Records to process:

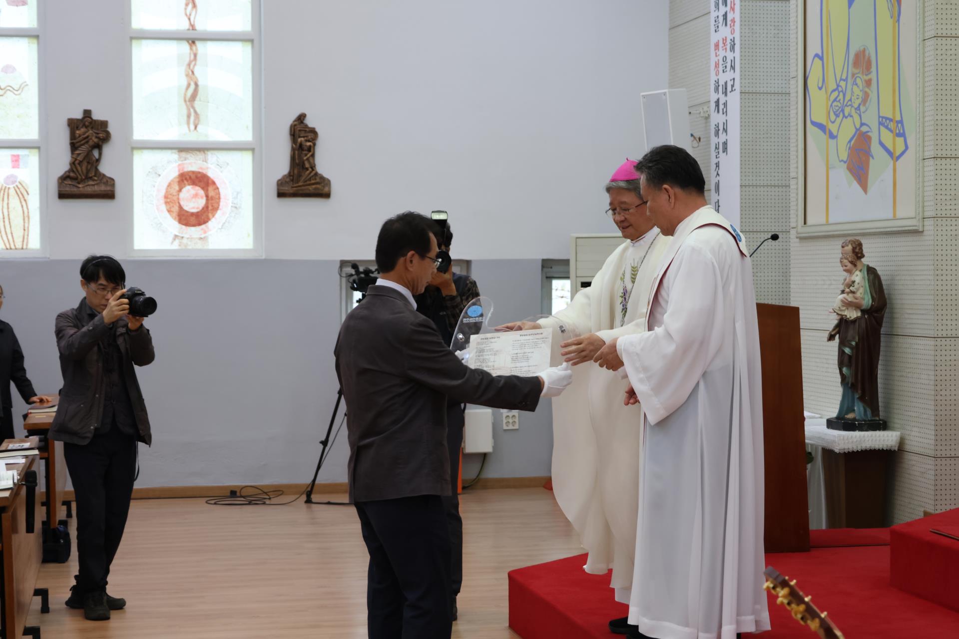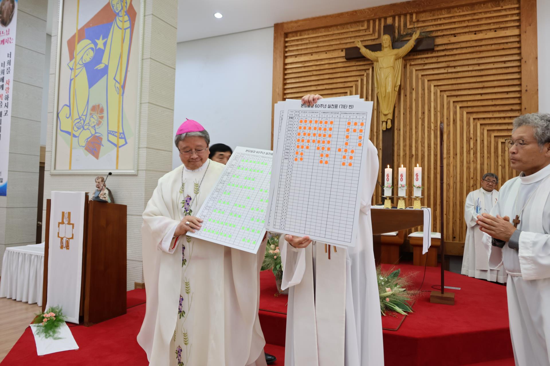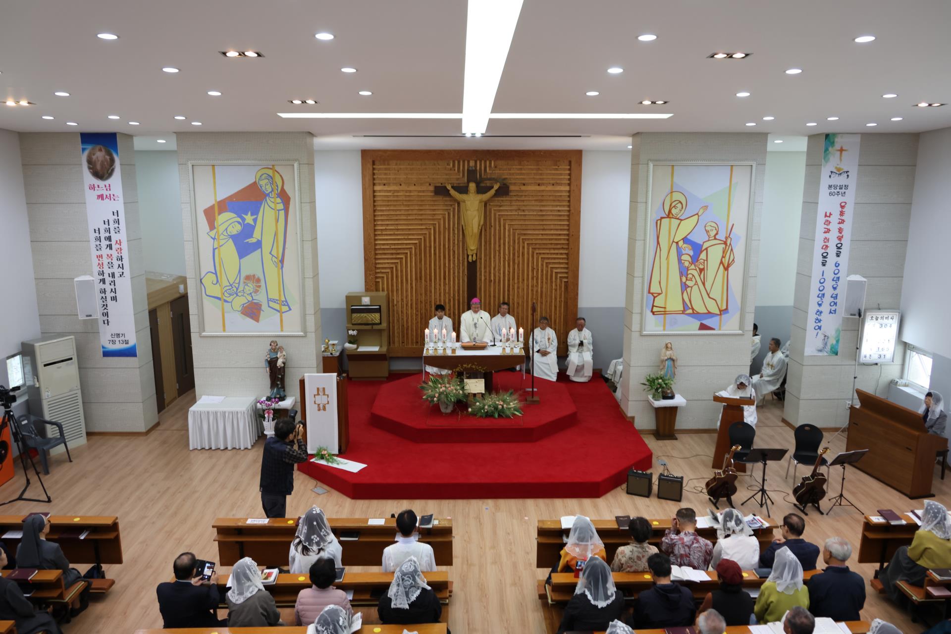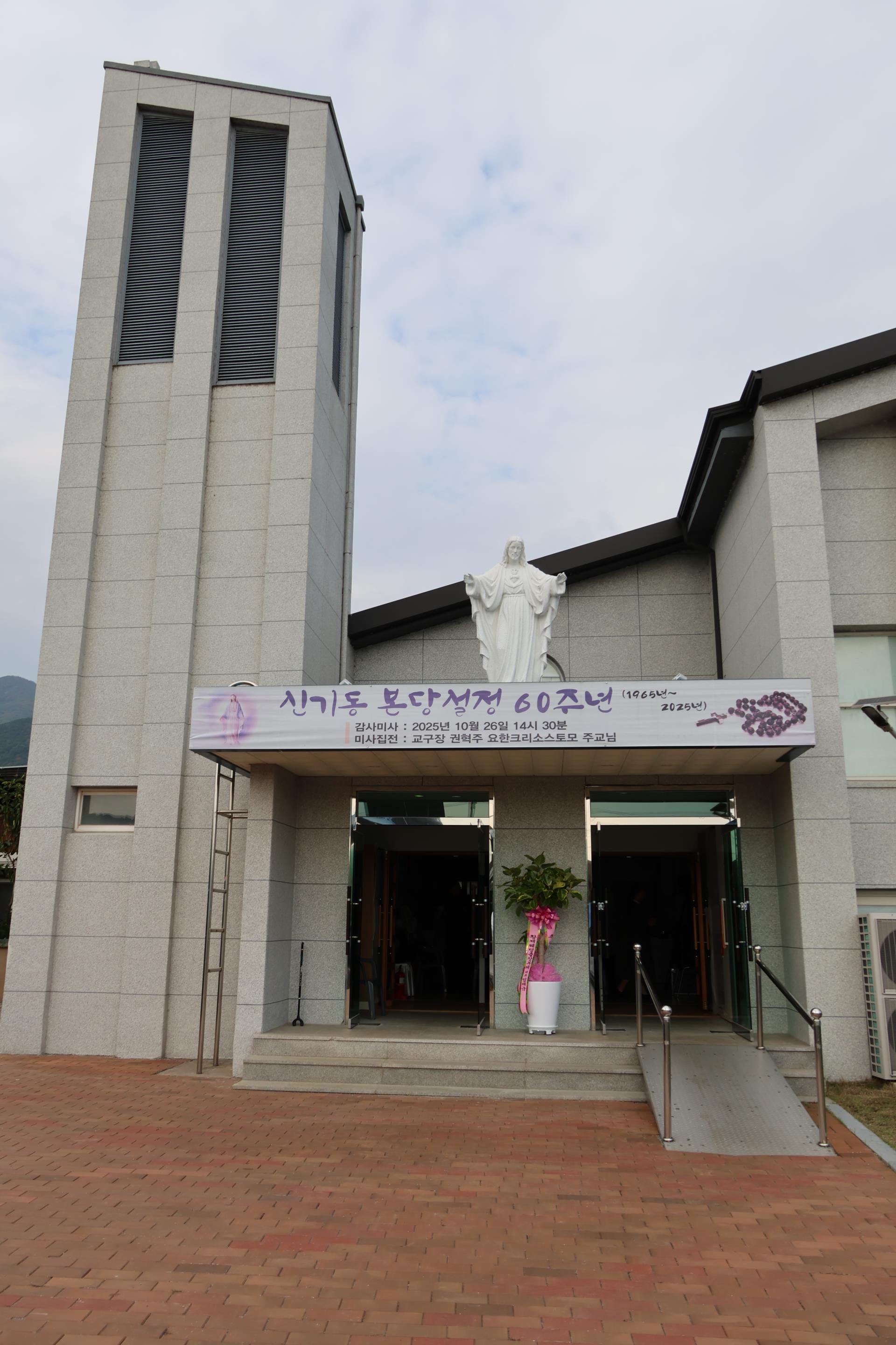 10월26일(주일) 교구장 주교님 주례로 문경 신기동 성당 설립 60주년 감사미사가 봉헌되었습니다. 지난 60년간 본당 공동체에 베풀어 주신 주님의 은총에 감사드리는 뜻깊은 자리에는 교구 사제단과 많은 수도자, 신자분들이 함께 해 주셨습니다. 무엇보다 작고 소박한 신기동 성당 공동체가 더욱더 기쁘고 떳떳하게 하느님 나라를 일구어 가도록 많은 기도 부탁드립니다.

* * *

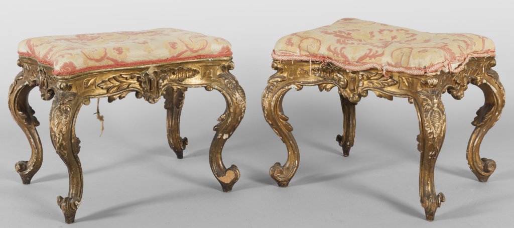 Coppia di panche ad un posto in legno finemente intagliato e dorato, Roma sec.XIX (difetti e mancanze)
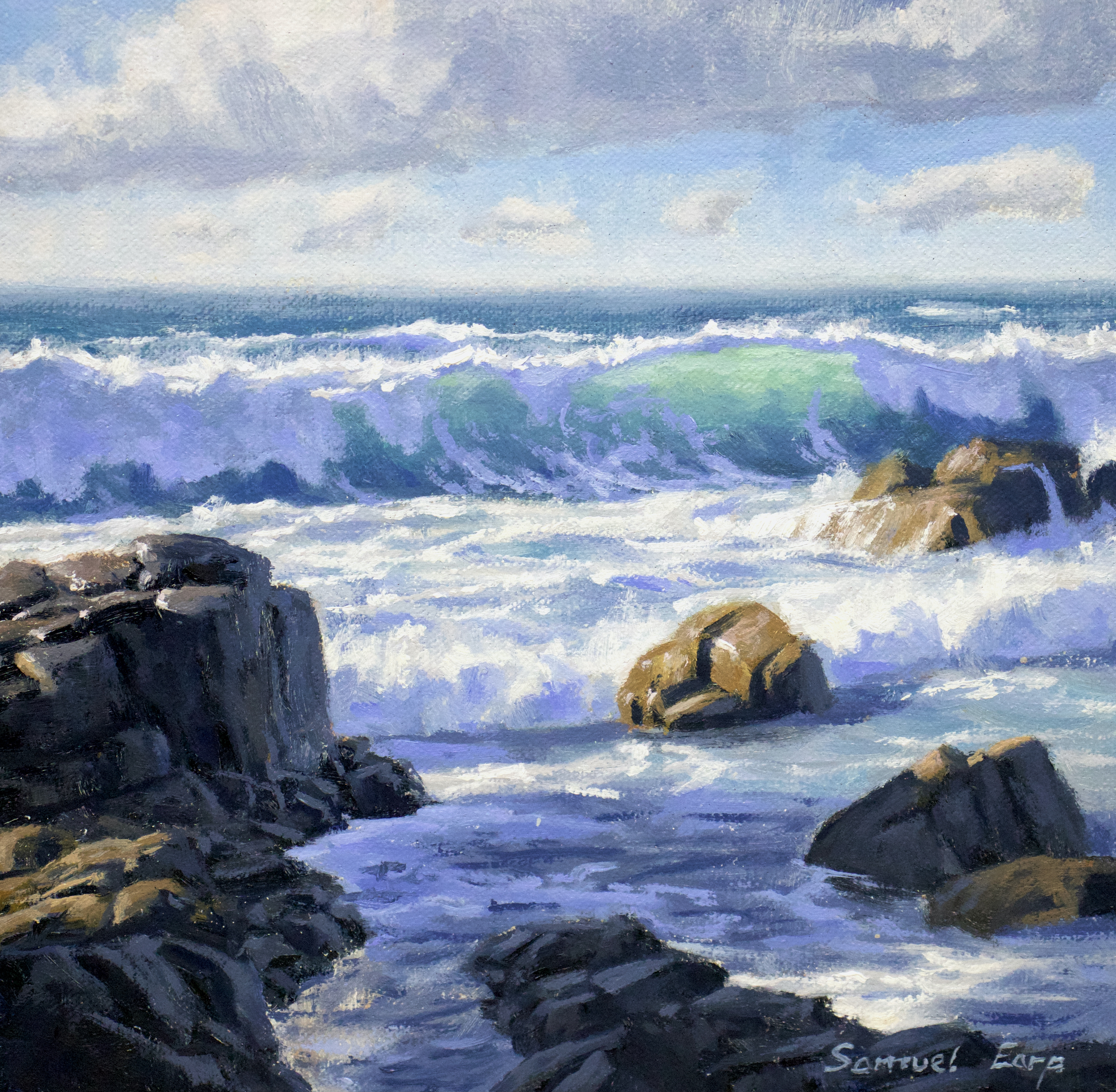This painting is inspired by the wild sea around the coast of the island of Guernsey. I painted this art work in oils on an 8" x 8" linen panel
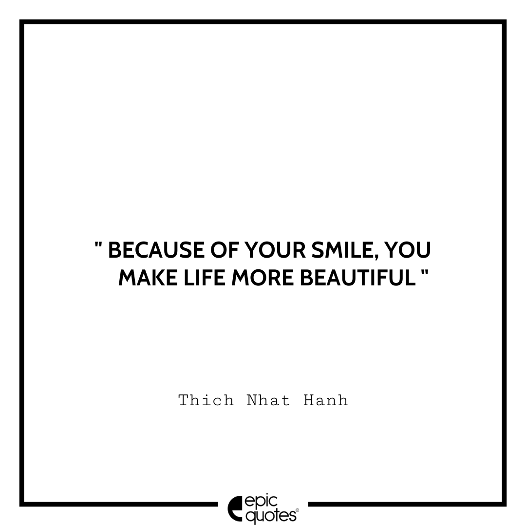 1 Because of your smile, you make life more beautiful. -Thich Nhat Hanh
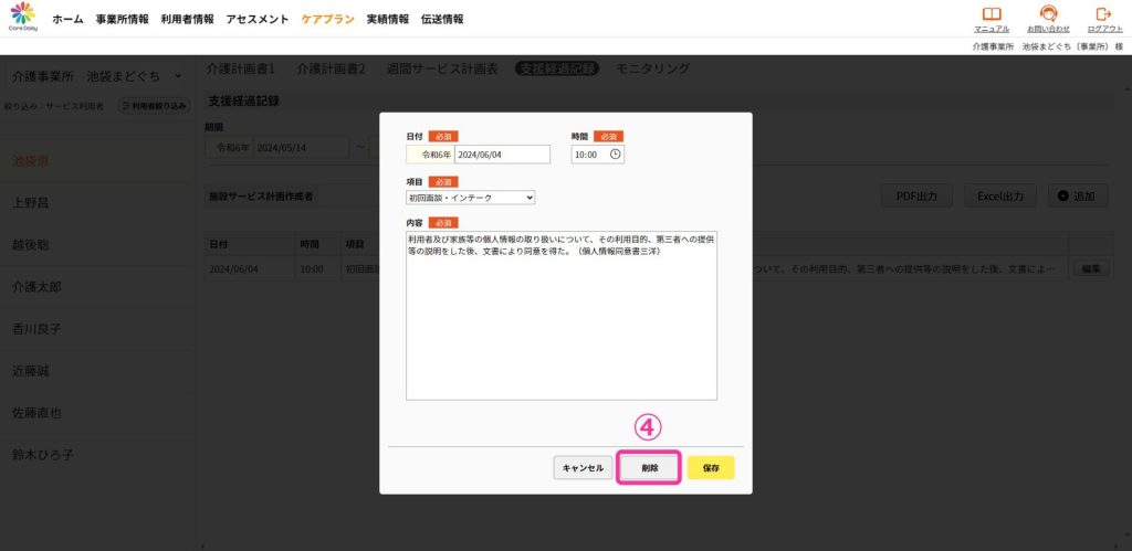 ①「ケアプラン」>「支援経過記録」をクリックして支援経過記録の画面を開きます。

About this exercise:
With the pictures omitted, print the lines above exactly, beginning at the line with "This painting is" and going on through the line with "①「ケアプラン」>「支援経過記録」をクリックして支援経過記録の画面を開きます。".

Written reply:
This painting is inspired by the wild sea around the coast of the island of Guernsey. I painted this art work in oils on an 8" x 8" linen panel
 1 Because of your smile, you make life more beautiful. -Thich Nhat Hanh
 ①「ケアプラン」>「支援経過記録」をクリックして支援経過記録の画面を開きます。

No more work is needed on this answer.